On the northern view above, the ridge line you see in the back ground is the southern end of the Smokies.  I hiked right to left as you are looking at the picture.

FontanaDamSouth

After crossing the Dam, I went to the Visitors Center, bought a pint of ice cream, and sat in the shade on one of their rockers to enjoy my treat. The three Amish hikers were there as well. Their hike is finished, and their driver arrived to take them to Pigeon Ford. They are all excited as they are going there to see a stage production of the Hatfields & McCoys.

FontanaTreat

I hiked 12.6 miles and was picked up at a trail head by Jeff, the owner of Creekside Paradise on the AT.  He and his wife, Cynthia, have a beautiful and well-run B&B and hiker facility. The three of us went to a Mexican restaurant in Robbinsville, the local town. It was an enjoyable evening. By the way, Robbinsville happens to be located in the only remaining dry county in North Carolina. I didn’t know dry counties existed in North Carolina anymore.
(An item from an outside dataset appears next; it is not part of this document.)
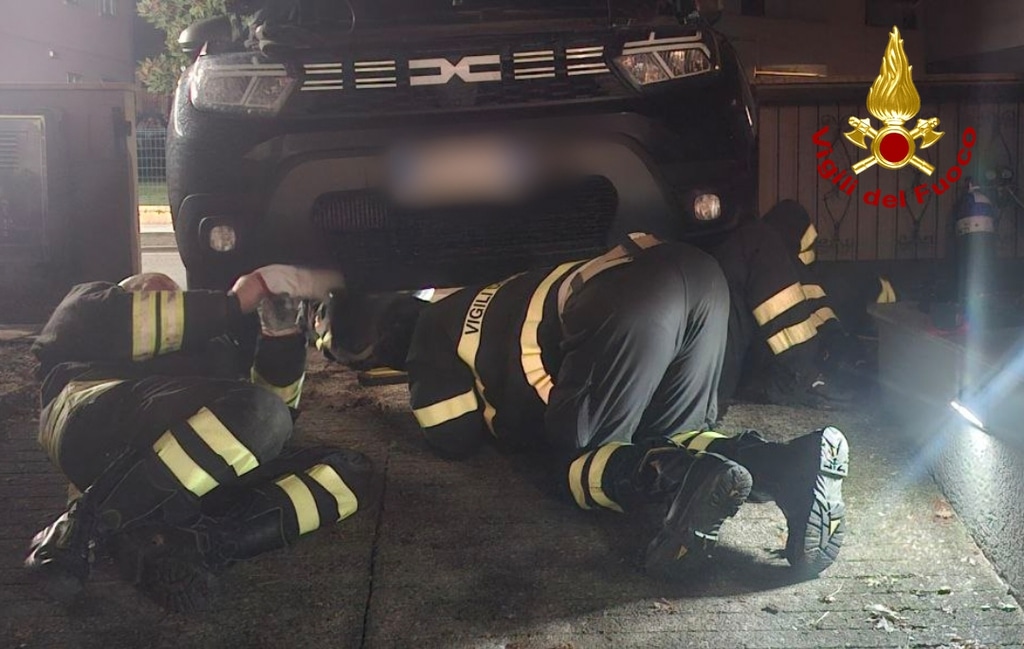 Azzano Decimo, 20 gennaio 2025: intervento dei Vigili del Fuoco per liberare un gatto incastrato nel vano motore di una vettura.
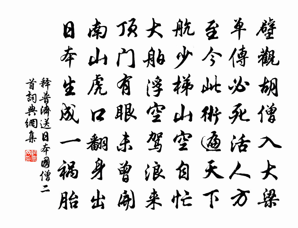 詩詞名句歷史字典書法欣賞書法字典國語詞典說文解字康熙字典古漢語字典標 題 作 者 詩 句 送日本國僧二首作者:釋普濟 朝代:宋代送日本國僧二首原文壁觀胡僧入大梁,單傳必死活人方。至今此術遍天下,航少梯山空自忙。大舶浮空駕浪來,頂門有眼未曾開。南山虎口翻身出,日本生成一禍胎。詩詞問答問:送日本國僧二首的作者是誰?答:釋普濟問:送日本國僧二首寫於哪個朝代?答:宋代釋普濟送日本國僧二首書法欣賞送日本國僧二首書法作品詩詞推薦鄭侍郎招賞瑞香曾幾〔宋代〕浮花雖不多,要是乏美質。前庭錦烘籠,君向何許得。色香極穠麗,裁翦極細密。複幕重簾開,毋令犯風日。滿路花/促拍滿路花楊 * 〔宋代〕愁得鬢絲斑,沒得心腸破。上梢恩共愛,忒過火。一床錦被,將為都包裹。剛被旁人隔,不似鴛鴦,等閒常得雙臥初伏大雨戲呈無咎四首鄧忠臣〔宋代〕汗流龜趺如炊釜,蜉蝣飛空蚊運土。眼看織雲上太清,曾不崇朝八荒雨。金柔火老旱太甚,咀嚼冰雪如餳乳。豐隆答杜孝錫觀鄉老堂韓維〔宋代〕華發蒼然亮直身,誰將彩筆欲傳神。論功顧我常流汗,好事煩君為拂塵。漢閣寂寥班氏贊,伊川瀟灑白公真。懷賢夜坐梅堯臣〔宋代〕夜久方慮寂,空堂燈燭明。落葉有暫響,暗蟲無停聲。力學不為己,甘貧且徇名。聊為詠懷篇,還想阮步兵。出軍戎昱〔唐代〕龍繞旌竿獸滿旗,翻營乍似雪中移。中軍一隊三千騎,儘是并州遊俠兒。頌古釋雲〔宋代〕狗子無佛性,泥捏活大聖。不是泗州人,說著也不信。和司徒侍中壬子寒食會壓沙寺詩二首強至〔宋代〕四照梨花一色中,他時珍賞有雌雄。高牙就景開芳宴,皓齒停歌誦正風。樂極光陰窮日御,詩成造化奪春工。佳辰梅答方蒙仲〔宋代〕人言是金屋,我見即柴門。但認安身處,區區何足論。飛行二首白玉蟾〔宋代〕劍光長笑古劉家,不斬流星只斬蛇。從得歷年三四百,蟠桃猶自未開花。寄潘子善徐寶之〔宋代〕少陽一疏折 * ,拂袖歸來日月閒。誤國小人猶法從,扣閽諸子自賢關。是非頗亦通千古,義利那能立兩間。若向澄清閣祖無擇〔宋代〕范滂雅志在澄清,今日廉車命閣名。華榜高標雖具美,奈何長是困蒼生。雪晴游惠山劉過〔宋代〕松杉如立密當門,長在山中管送迎。棲石草根留雪在,響階檐溜滴春聲。簿書撥置君能到,碑刻摩挲眼倍明。欲作羅壽可再如舊都作歸來窗以為親悅勸之歸者皆陳杰〔宋代〕玉門關冷風低草,浪泊水西看飛鳥。柴桑松菊坐來荒,杜曲桑麻隨分有。封侯作夢嗟晚歲,吟詩無功成白首。驀波和虞使君春雨程公許〔宋代〕詩翁高臥滄江上,幾為憂民霜鬢毛。推枕中宵賦春雨,筆鋒如瑩鸊鵜膏。贈鳥窠和尚詩白居易〔唐代〕空門有路不知處,頭白齒黃猶念經。何年飲著聲聞酒,迄至如今醉未醒。 殊不惡齋秋晚閒吟五絕范成大〔宋代〕好風入簾圖畫響,斜照穿隙網絲明。檐間雙雀有時斗,壁下一蛩終日鳴。相和歌辭善哉行僧貫休〔唐代〕有美一人兮婉如清揚,識曲別音兮令姿煌煌。繡袂捧琴兮登君子堂,如彼萱草兮使我憂忘。欲贈之以紫玉尺,白銀浙西刈禾以高竹叉在水田中望之如群駝曹勛〔宋代〕浙西純種晚秋禾,更得明年雨不多。且刈且歌豐歲甚,平洋彌望列明駝。大義庵主釋智愚〔宋代〕山根旋縛尖頭屋,溪上新開數畝田。老矣不能得殿手,倚筇凝目送寒煙。名句推薦鳥飛反故鄉兮,狐死必首丘。屈原《九章》 貧居鬧市無人問,富在深山有遠親。佚名《增廣賢文·上集》 我今因病魂顛倒,唯夢閒人不夢君。元稹《酬樂天頻夢微之》 記得年時臨上馬,看人眼淚汪汪。劉彤《臨江仙·千里長安名利客》 辭柯霜葉,飛來就我題紅。朱庭玉《天淨沙·秋》 青蒲銜紫茸,長葉復從風。佚名《拔蒲二首》 專一則勝,離散則敗。尉繚《尉繚子·兵令上》 輕汗微微透碧紈,明朝端午浴芳蘭。蘇軾《浣溪沙·端午》 君看石芒碭,掩淚悲千古李白《丁督護歌》 鹹言上國繁華,豈謂帝城羈旅。子蘭《秋日思舊山》

During the night, my friend Joe arrived at the B&B. It was great seeing him. This place is definitely off the beaten path and last night on the phone we wondered how, and even if, he would arrive. He had to drive at night on unpaved mountain roads with no cell reception. Anyway, he made it and will hike with me for the next two days.

After a good hearty breakfast on the 29th, we were driven to the trailhead and began a 14-mile hike to Stecoah Gap. Joe’s introduction to the AT was a 2,100-foot ascent first thing in the morning. He did just fine, and I’m confident he will do well tomorrow. This is one of the the few vistas we had, but it was a beautiful view.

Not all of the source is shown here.